▶ ASSIGNMENT: Where a picture appears in the data below, exclude it; restate everything else word for word.

▶ DATA BELOW:
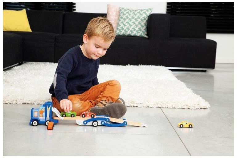 Jeżeli prezentem na Gwiazdkę ma być auto – niech będzie to laweta z czterema wyścigówkami na pokładzie marki Scratch! Auto z lawetą to zabawka wielofunkcyjna: może służyć po prostu do transportowania mniejszych samochodów, a po rozłożeniu stać się długą rampą, z której wyścigówki będą startować z dużą prędkością. Doskonała jakość materiałów, trwałość i odporność na uszkodzenia mechaniczne to gwarancja, że zabawka posłuży dziecku przez wiele lat.
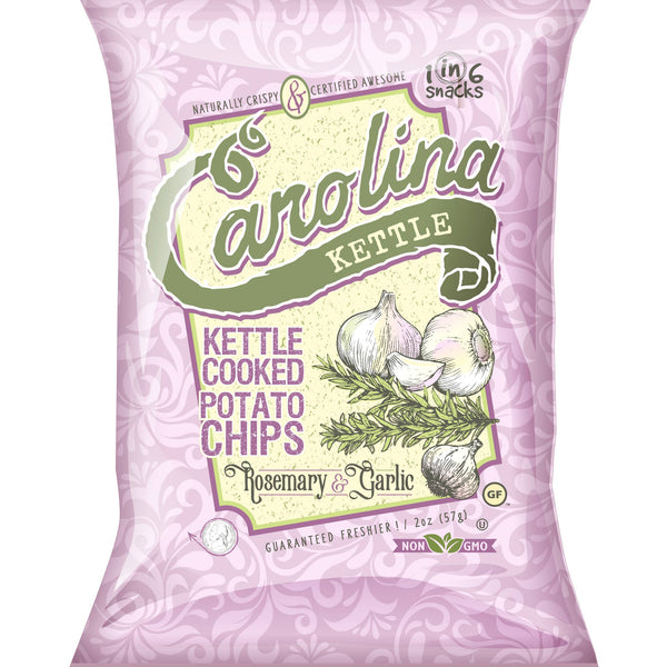 Rosemary Garlic-The natural gourmet flavor of fresh Rosemary with Garlic seasoning is a combination that is the perfect blend of flavor. These kettle chips have bold crunch and the perfect taste that you are sure to Love!
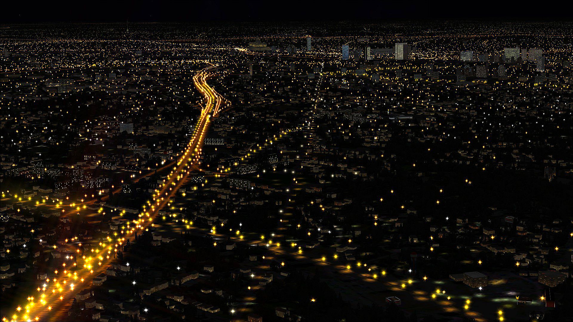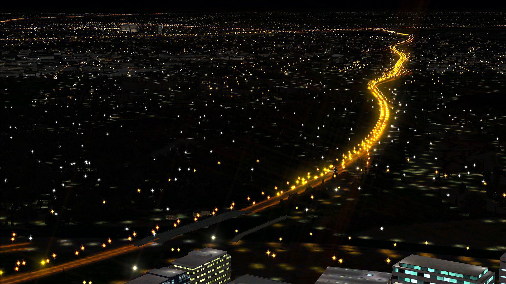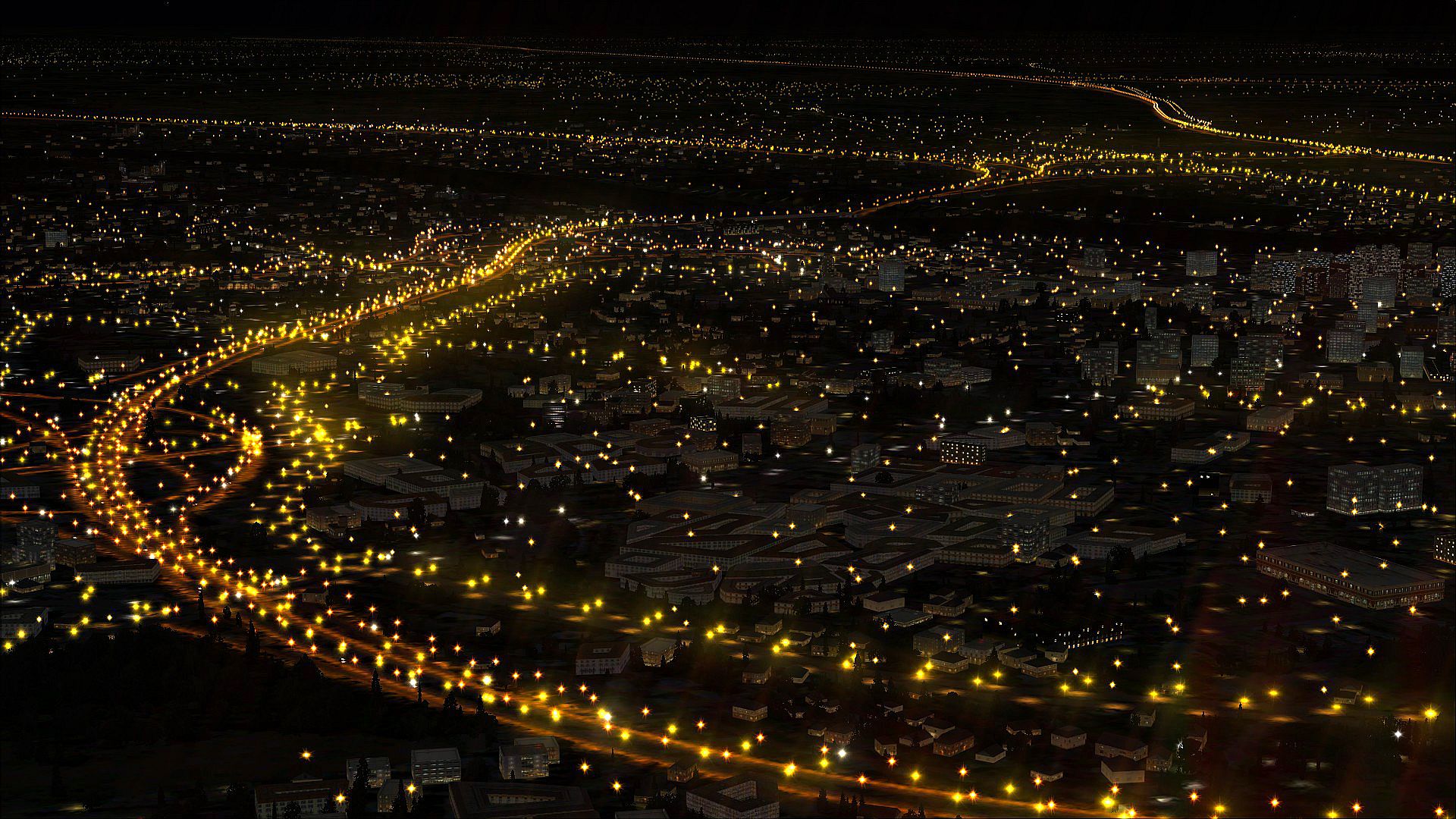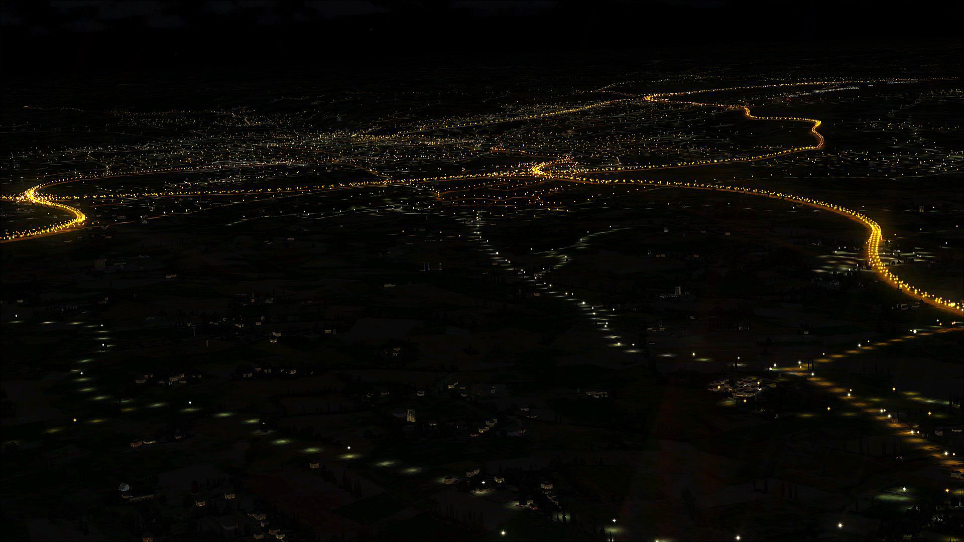 The Night Environment database contains an incredible amount of accurate road data, illuminating roads at night which you wouldn’t normally see. Our lights have up to a 60 mile radius, so large urban areas and highway junctions will illuminate all around you as you fly. As the highway lights are raised above the surface and have a lit bitmap below them, a realistic 3D effect is created.

▶ ANSWER TO THIS EXERCISE:
 Jeżeli prezentem na Gwiazdkę ma być auto – niech będzie to laweta z czterema wyścigówkami na pokładzie marki Scratch! Auto z lawetą to zabawka wielofunkcyjna: może służyć po prostu do transportowania mniejszych samochodów, a po rozłożeniu stać się długą rampą, z której wyścigówki będą startować z dużą prędkością. Doskonała jakość materiałów, trwałość i odporność na uszkodzenia mechaniczne to gwarancja, że zabawka posłuży dziecku przez wiele lat.
 Rosemary Garlic-The natural gourmet flavor of fresh Rosemary with Garlic seasoning is a combination that is the perfect blend of flavor. These kettle chips have bold crunch and the perfect taste that you are sure to Love!
 The Night Environment database contains an incredible amount of accurate road data, illuminating roads at night which you wouldn’t normally see. Our lights have up to a 60 mile radius, so large urban areas and highway junctions will illuminate all around you as you fly. As the highway lights are raised above the surface and have a lit bitmap below them, a realistic 3D effect is created.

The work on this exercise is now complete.